I yell prior to every blind corner whether I am travelling up or down.
You can mess it up in either direction if corners are blind, so when pedaling up I ride defensively and when heading down I ride expecting to encounter some head down hiker/dog walker/bird watcher/fellow rider with ear buds in every blind turn.
 
I came around a blind uphill corner on a quiet rainy weekday, slowed way down because i couldnt see. Three pretty little blonde girls 5-6 years old in pigtails holding a rope like they were climbing a mountain. Mom was panting about 30 yards back

Ill never forget how thankful i was that i was going slow. I stopped and warned every biker i met that day that theres were little kids ahead.

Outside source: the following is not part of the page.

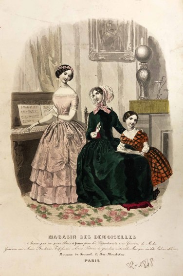 Журнал «Les Modes Parisiennes», основанный в 1843 году, способствовал закреплению за Францией статуса законодательницы моды. Основным художником иллюстратором «Les Modes Parisiennes» был Ф.-К. Комт-Кали (François-Claudins Compte-Calix). Художник учился в школе изящных искусств родного города, его работы впервые выставлены в Парижском салоне в 1840 году. Он был известен как акварелист, мастер портретного жанра. Помимо прекрасных иллюстраций журнала, работы художника также украшали исторические книги той эпохи.

county park, they have as much right to the place as i do.
 
I can't be picturing this right -- in my head you were climbing, the others were stopped 5' off the trail, and you pedaled into them. That's not what happened, is it?
They were stopped and chatting/drinking water on the singletrack. This is a mild ascending singletrack on a steep sidehill wholly defined by 1) an uphill, near-vertical wall of tree roots, and 1) a downhill cliff into a ravine. The uphill near-vertical wall is what made the turn blind. There is no off-trail. The blind turn is very small radius, so you can be 5-feet behind the apex and nobody will see you until 5-feet away.

There is no easy place for them to stop off-trail, but they just means they shouldn't be stopped on the trail right around the blind turn. They should have simply stopped farther away to give people better sightlines. But that's merely a dangerous faux pas on their part. I really should have been yelling (I wasn't doing that then) and slowed to crawling speeds at that corner.
 
Any time you attack a blind corner at full speed you are taking a pretty serious risk. And not just for others, but for yourself. I tend to avoid trails with blind corners. Besides people and animals, there can be fallen trees (actually very often where I live, as we have tons of beetle kill) — and at the very least random baby heads and other debris that aren’t usually there.

I do use a Timberbell, and have been thanked for it probably at least 50 times now. But I still don’t fly around blind corners. A popular trail next to my house has two blind corners on it. Despite it being obviously a mountain bike trail on the descent, marked as directional, and a sign saying “hiking not recommended” — there are hikers nonetheless. And they are wearing earbuds. I have come close to flattening people (and myself) in those two corners— so now I always slow down.

I have also almost t-boned bears in both locations. It was very close.